I've been reading all of the posts here (sometimes several times), and there seems to be a lot of confusion. I am definitely very confused. Let's start with the first trade. DW writes:
"For the Long butterfly trade, Augen sets the following conditions.
Entry Day: Thursday, when new weeklies enter the market. If a market moving event is expected on Friday (the next day), such as a jobs report, then wait until it's over before entering the trade.
Entry Time: Thursday by 10:00"
I presume this is a debit trade placed on weeklies that expire the following Friday (8 days). Let's use yesterday's SPY as an example (price was 141.02 at 10am). We could place one of the two following trades:
Buy 1 contract of 140 put
Sell 2 contracts of 141 put
Buy 1 contract of 142 put
or
Buy 1 contract of 139 put
Sell 2 contracts of 141 put
Buy 1 contract of 143 put
I'm not sure which of the above trades is better. The latter is a four-point spread mentioned by Kim (is this right Kim?).
DW adds:
"Trade criteria: ATM (or close to it) butterfly. Highly liquid stock, well, such as AAPL or GOOG.

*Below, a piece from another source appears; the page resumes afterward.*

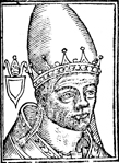Description: Romanus, pope of the Roman Catholic Church and the bishop of Rome (r. 897). He wears a pallium and a crown while to the left is a blank coat of arms with the papal triple tiara above.
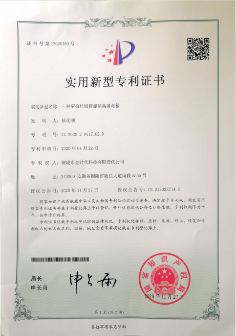 實(shí)用新型專利(一種廚余垃圾智能防臭消毒箱)

Exit: He suggests, exiting by Friday close, however, the position could be held until Tuesday (morning?). After which the rapid effects of time decay will begin to take hold of the trade."
These two statements are the source of most of the confusion. We don't want the stock to move, so it doesn't make sense to use AAPL and GOOG. Why not a non-volatile stock like JNJ or MSFT or an index?
Also, on which Friday should the trade be closed? In one day or 8 days? Since the trade benefits from time decay, then shouldn't the trade be held beyond Tuesday, when "the rapid effects of time decay ... begin to take hold of the trade"?
Any help clearing things up would be greatly appreciated.